Sonneveld MJ, Rijckborst V, Zeuzem S, Heathcote EJ, Simon K, Senturk H, Pas SD, Hansen BE, Janssen HL.
Department of Gastroenterology and Hepatology, Erasmus MC University Medical Center, Rotterdam, The Netherlands.
Peginterferon (PEG-IFN) treatment of HBeAg-positive chronic hepatitis B (CHB) results in HBeAg loss in 30% of patients, but clearance of HBV DNA and HBsAg from serum is less often achieved. We investigated whether the presence of precore (PC) and basal core promoter (BCP) mutants before PEG-IFN treatment affects serological and virological response.

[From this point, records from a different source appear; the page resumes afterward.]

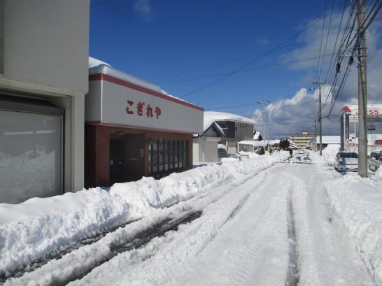本日も午前中は降っていたが、昼前から晴れ間も出てきた。店は「開店休業」状況で、来客があれば鳴るチャイムをオンにして、奥さまも居間でテレビ鑑賞。私は2階でゆっくりデスクワーク。15日締切の投句や原稿などを仕上げたので、昼食前、運動不足解消のつもりで、散歩代わりに拙宅から南へ300メートルほどの郵便局まで歩いて投函。     写真①、いつもお世話になっている東伯郵便局。②郵便局東側の琴浦町役場。駐車場も除雪ゼロ。明日の職員出勤にどのように対処するのだろう? ③役場前の道路状況。役場の前は融雪装置(路面中央からの散水)で溶けている。④「こぎれや」の前の状況。
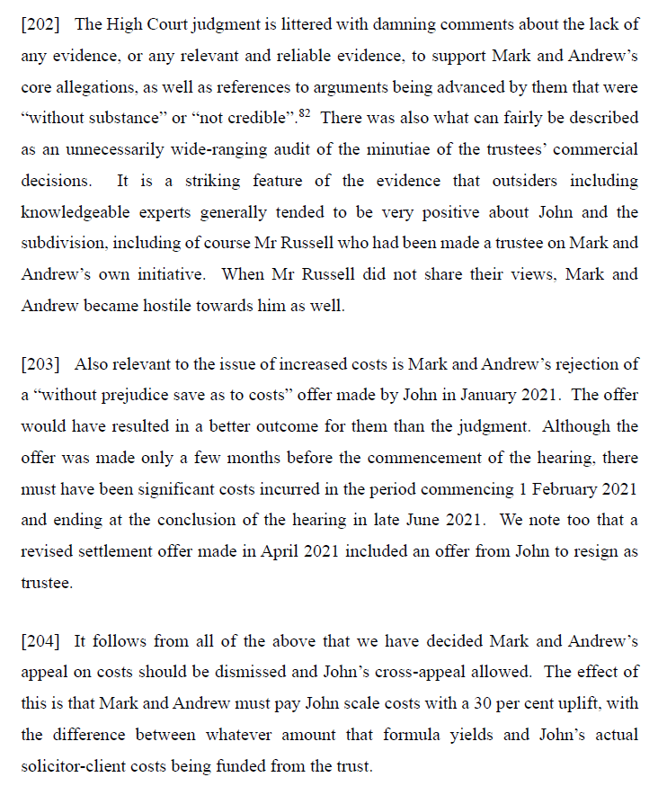 The sting in the tail was costs. The Court of Appeal overturned the 20% share of costs awarded against John on the basis that his late retirement did not significantly increase Mark and Andrew’s costs. As noted at [197] to [198] and [202] to 204]: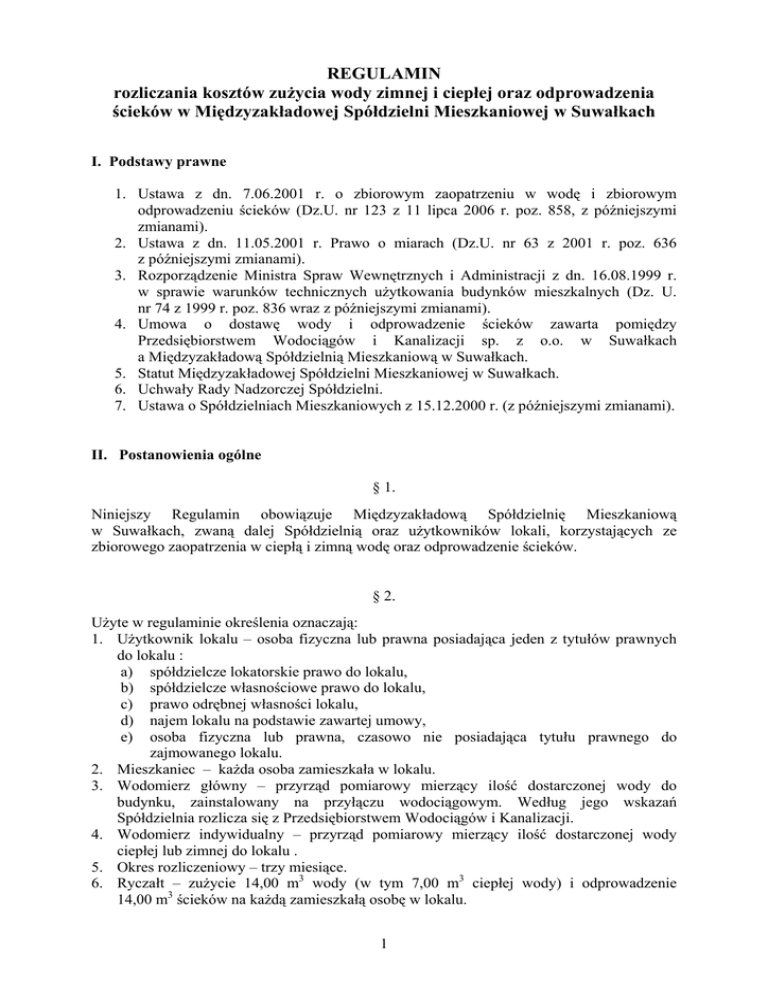 REGULAMIN rozliczania kosztów zuŜycia wody zimnej i ciepłej oraz odprowadzenia ścieków w Międzyzakładowej Spółdzielni Mieszkaniowej w Suwałkach I. Podstawy prawne 1. Ustawa z dn. 7.06.2001 r. o zbiorowym zaopatrzeniu w wodę i zbiorowym odprowadzeniu ścieków (Dz.U. nr 123 z 11 lipca 2006 r. poz. 858, z późniejszymi zmianami). 2. Ustawa z dn. 11.05.2001 r. Prawo o miarach (Dz.U. nr 63 z 2001 r. poz. 636 z późniejszymi zmianami). 3. Rozporządzenie Ministra Spraw Wewnętrznych i Administracji z dn. 16.08.1999 r. w sprawie warunków technicznych uŜytkowania budynków mieszkalnych (Dz. U. nr 74 z 1999 r. poz. 836 wraz z późniejszymi zmianami). 4. Umowa o dostawę wody i odprowadzenie ścieków zawarta pomiędzy Przedsiębiorstwem Wodociągów i Kanalizacji sp. z o.o. w Suwałkach a Międzyzakładową Spółdzielnią Mieszkaniową w Suwałkach. 5. Statut Międzyzakładowej Spółdzielni Mieszkaniowej w Suwałkach. 6. Uchwały Rady Nadzorczej Spółdzielni. 7. Ustawa o Spółdzielniach Mieszkaniowych z 15.12.2000 r. (z późniejszymi zmianami). II. Postanowienia ogólne § 1. Niniejszy Regulamin obowiązuje Międzyzakładową Spółdzielnię Mieszkaniową w Suwałkach, zwaną dalej Spółdzielnią oraz uŜytkowników lokali, korzystających ze zbiorowego zaopatrzenia w ciepłą i zimną wodę oraz odprowadzenie ścieków. § 2. UŜyte w regulaminie określenia oznaczają: 1. UŜytkownik lokalu – osoba fizyczna lub prawna posiadająca jeden z tytułów prawnych do lokalu : a) spółdzielcze lokatorskie prawo do lokalu, b) spółdzielcze własnościowe prawo do lokalu, c) prawo odrębnej własności lokalu, d) najem lokalu na podstawie zawartej umowy, e) osoba fizyczna lub prawna, czasowo nie posiadająca tytułu prawnego do zajmowanego lokalu. 2. Mieszkaniec – kaŜda osoba zamieszkała w lokalu. 3. Wodomierz główny – przyrząd pomiarowy mierzący ilość dostarczonej wody do budynku, zainstalowany na przyłączu wodociągowym. Według jego wskazań Spółdzielnia rozlicza się z Przedsiębiorstwem Wodociągów i Kanalizacji. 4. Wodomierz indywidualny – przyrząd pomiarowy mierzący ilość dostarczonej wody ciepłej lub zimnej do lokalu . 5. Okres rozliczeniowy – trzy miesiące. 6. Ryczałt – zuŜycie 14,00 m3 wody (w tym 7,00 m3 ciepłej wody) i odprowadzenie 14,00 m3 ścieków na kaŜdą zamieszkałą osobę w lokalu. 1 7. ZuŜycie wody – suma zuŜytych ilości m³ wody zimnej i odprowadzenia ścieków oraz wody ciepłej. 8. Zaliczka miesięczna – naleŜność na poczet zuŜycia zimnej wody, odprowadzenia ścieków i podgrzania wody. 9. Opłata miesięczna stała – opłata od jednego lokalu, wyposaŜonego w wodomierze, wnoszona miesięcznie, przeznaczona na wymianę i legalizację wodomierzy, odczyty oraz pokrycie rozbieŜności bilansu wody. 10. Rozliczenie zuŜycia wody – dokument przedstawiający wyliczenie naleŜności za zuŜycie wody i odprowadzenie ścieków za dany okres rozliczeniowy. 11. RozbieŜności bilansu wody w nieruchomości – róŜnica wody pomiędzy wskazaniem wodomierza głównego a sumą wskazań wodomierzy indywidualnych odbiorców w danej nieruchomości. 12. Nieruchomość – budynek lub grupa budynków rozliczana z jednego wodomierza. 13. Odczytujący – osoba zatrudniona przez Spółdzielnię dokonująca odczytów wskazań wodomierzy, upowaŜniona do kontroli urządzeń i ich zabezpieczeń, sprawdzenia prawidłowego działania wodomierzy poprzez chwilowe uruchomienie poboru wody. § 3. Wodomierze ciepłej i zimnej wody do pomiaru zuŜycia wody w lokalu są własnością uŜytkownika lokalu – nie dotyczy to uŜytkownika będącego najemcą lokalu. § 4. Ceny wody i odprowadzenia ścieków: 1. Cena za 1 m3 zimnej wody i 1 m3 odprowadzenia ścieków ustalana jest przez właściwy organ zgodnie z Ustawą o zbiorowym zaopatrzeniu w wodę i zbiorowym odprowadzeniu ścieków. 2. Cena za 1 m3 podgrzania wody ustalana jest przez Radę Nadzorczą Spółdzielni. 3. Opłatę miesięczną stałą ustala Rada Nadzorcza. III. Zasady rozliczeń zuŜycia wody i odprowadzenia ścieków. § 5. 1. Rozliczenie kosztów zuŜycia i podgrzania wody jest dokonywane oddzielnie dla kaŜdej nieruchomości. Ilość odprowadzanych ścieków jest równa ilości zuŜytej wody w danym okresie. 2. Dostawca wody raz w miesiącu obciąŜa kaŜdą nieruchomość za zuŜycie wody i odprowadzenie ścieków na podstawie odczytów wodomierzy głównych w budynku. § 6. Rozliczanie zuŜycia wody i odprowadzenia ścieków w mieszkaniach z zainstalowanymi licznikami wody. 1. Podstawą płatności za zuŜycie wody zimnej, ciepłej i ścieków są wskazania indywidualnych wodomierzy. 2 2. Za zuŜycie wody zimnej, ciepłej i odprowadzenie ścieków ustalana jest miesięczna zaliczka, która rozliczana będzie w okresach trzech miesięcy. 3. Miesięczna zaliczka ustalana jest na podstawie wielkości zuŜycia wody zimnej i ciepłej z sześciu miesięcy w danym lokalu. Zmiana wysokości zaliczki następuje raz w roku wraz ze zmianą stawek opłat eksploatacyjnych. 4. W przypadku braku zuŜycia za podstawę ustalenia miesięcznej zaliczki przyjmuje się szacunkowo: zuŜycie wody – 8 m³ wody, podgrzanie – 4 m³ wody. 5. UŜytkownik na poczet naleŜności za zuŜycie zimnej wody, odprowadzenie ścieków i podgrzanie wody wnosi zaliczki miesięczne łącznie z innymi opłatami eksploatacyjnymi. 6. W przypadku wystąpienia niedopłaty po rozliczeniu trzech miesięcy – kwotę niedopłaty naleŜy uiścić wraz z najbliŜszą opłatą eksploatacyjną. 7. W przypadku wystąpienia nadpłaty po rozliczeniu trzech miesięcy – kwotę nadpłaty naleŜy uwzględnić przy najbliŜszej opłacie eksploatacyjnej. 8. W przypadku zbycia lokalu w trakcie okresu rozliczeniowego, wszelkie skutki rozliczenia przejmuje następca. 9. W przypadku przekazania lokalu na rzecz Spółdzielni dokonuje się odczytu i rozliczenia zuŜycia wody i odprowadzenia ścieków oraz podgrzania wody w daci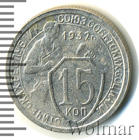 Реверс монеты 15 копеек 1932 года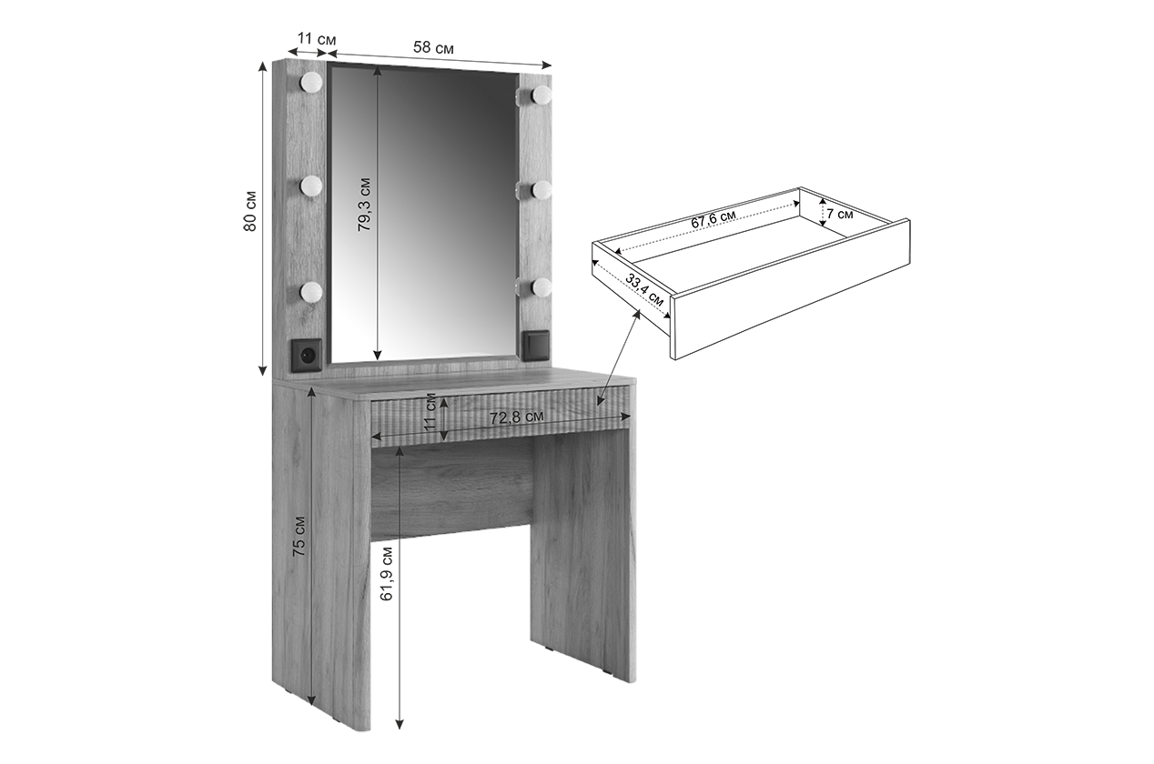 Трюмо Адам — это идеальное сочетание стиля и практичности. С широким фацетированным зеркалом, в котором встроена подсветка из 6 лампочек, оно создает атмосферу профессиональных студий визажистов прямо у вас дома. Комфорт и функциональность обеспечиваются дополнительными элементами, такими как выключатель, розетка для фена и выдвижной ящик для хранения украшений и косметики. Элегантные закругленные углы завершают дизайн, делая его идеальным дополнением к вашей спальне.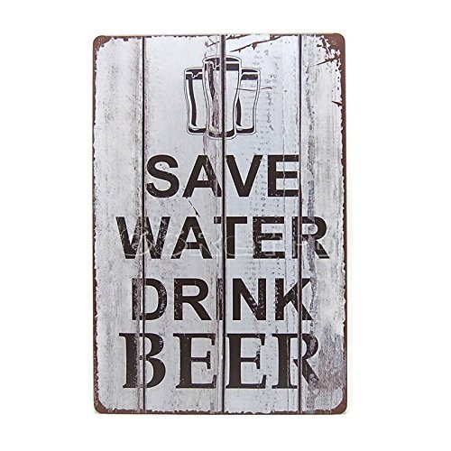 Uniquelover Save Water Drink Beer Retro Vintage Pub Bar Metal Tin Sign Wall Decor 12" X 8" Inches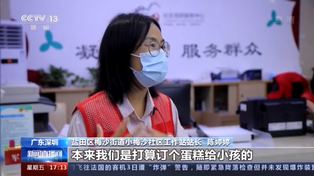 深圳市盐田区小梅沙社区工作站站长 陈婷婷:本来我们是打算订个蛋糕给小孩的,我老公今天跟我说,他连订蛋糕的时间都没有。这几天我们住在办公室的时候,他(孩子)基本上就一个人,他都理解。我们所有工作人员,都是没有一句怨言的,我尽可能多做一点,多服务居民一点。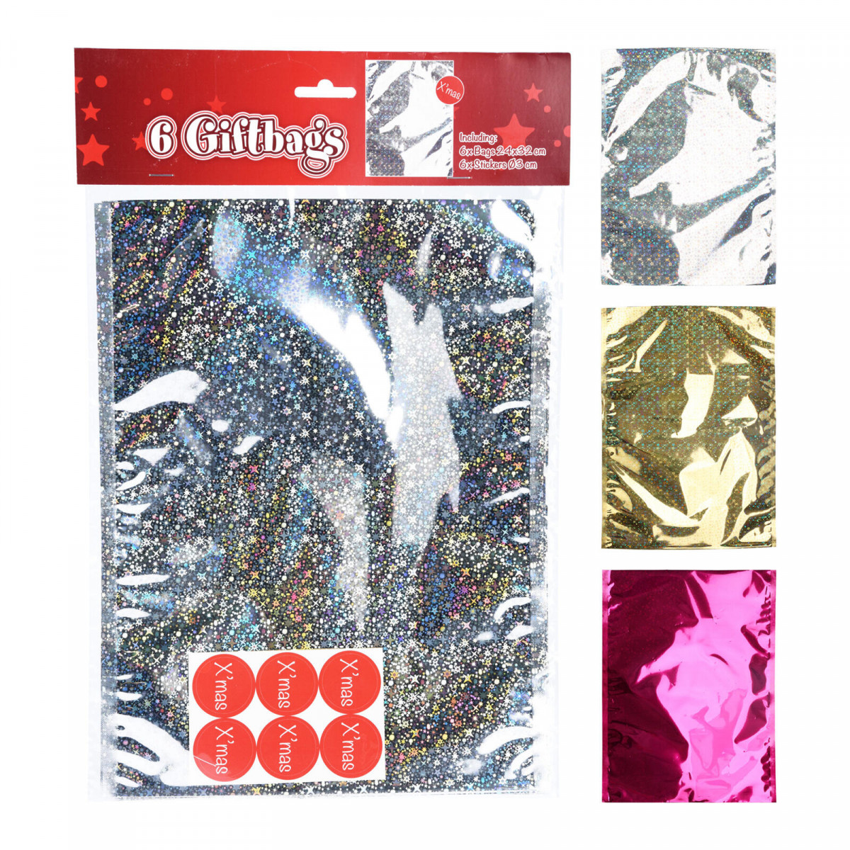 Sáček dárkový 32 x 24 cm (6 ks), samolepky pr. 3 cm (6 ks), dekor č. 1, mix barev. rozměry sáčku: 32 x 24 cm rozměry samolepky: průměr 3 cm balení: 6 + 6 ks materiál: polypropylen Praktické celofánové sáčky se samolepkami, vánoční design. Výška přepravní: 25,5 cm Šířka přepravní: 40 cm Hloubka přepravní: 0,5 cm Barva: Objem přepravní: 0,51 dm3 Hmotnost přepravní: 0,044 kg Výška: 0 cm Materiál: Šířka: 0 cm Licence: Průměr: cm Elektroodpad: Zobrazení času: Určení nábytku: Listingový popis: Výbava: Typ: Typ strojku: Pozor křehké: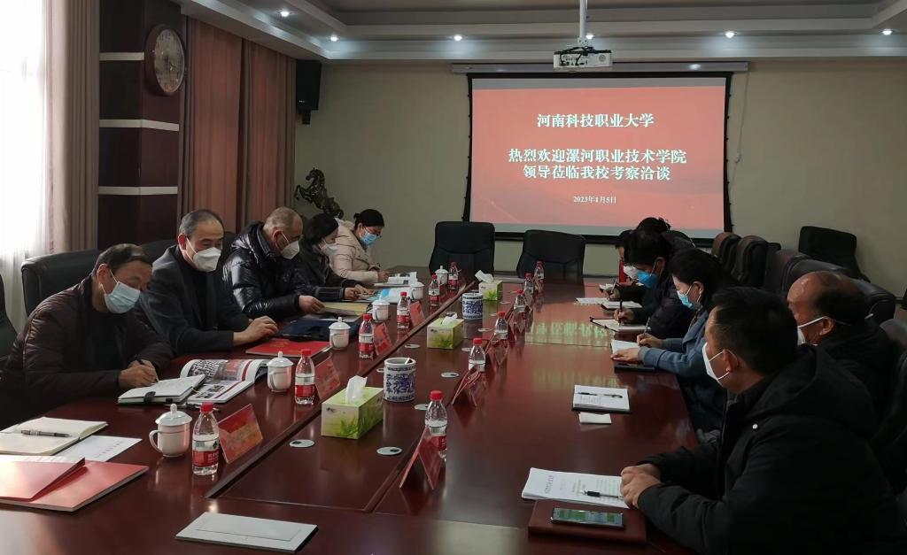 为落实《河南省教育厅办公室关于申报职业本科人才贯通培养改革试点工作的通知》(教办发规〔2022〕404号)文件精神,1月5日下午,学校党委副书记薛存心、校党委委员易春林与本科综合办、教务处和五年制教学部负责人赴河南科技职业大学洽谈中本贯通人才培养合作事项。河南科技职业大学理事长李海燕、常务副校长马金岭 、副校长许德宽及校办公室、教务处、经管学院等部门负责同志参加会议。

A total of 214 HBeAg-positive CHB patients treated with PEG-IFN±lamivudine for 52 weeks in a global randomized trial were classified at baseline as wildtype (WT) or non-WT (detectable mutants at PC/BCP) by line-probe assay. Response was assessed at 6 months post-treatment and through long-term follow-up(LTFU). Mutants were detected in 64% of patients, in varying frequencies across HBV genotypes A through D. Patients with WT had higher baseline HBV DNA, HBeAg and HBsAg levels than patients with non-WT. Patients with WT were more likely to achieve HBeAg loss with HBV DNA<10,000 copies/mL (response, 34 versus 11%,p<0.001) and HBsAg clearance (18 versus 2%,p<0.001) at week 78 than non-WT patients. Among WT patients who achieved HBeAg clearance at week 78, 78% had undetectable HBV DNA and 61% achieved HBsAg clearance at LTFU (versus 26% and 15% in non-WT patients,p<0.001 for both). Presence of WT virus at baseline was an independent predictor of response (OR 2.90, 95%CI:1.15-7.31,p=0.023) and HBsAg clearance (OR 5.58, 95%CI:1.26-24.63,p=0.013) and patients with non-A genotypes with detectable mutants had a low probability of response. CONCLUSION: Presence of only WT virus at baseline is a strong predictor of response (HBeAg loss with HBV DNA <10,000 copies/mL) to PEG-IFN for HBeAg-positive CHB. Patients with detectable PC and/or BCP mutants have a lower probability of response and are less optimal candidates for PEG-IFN therapy. (HEPATOLOGY 2012.).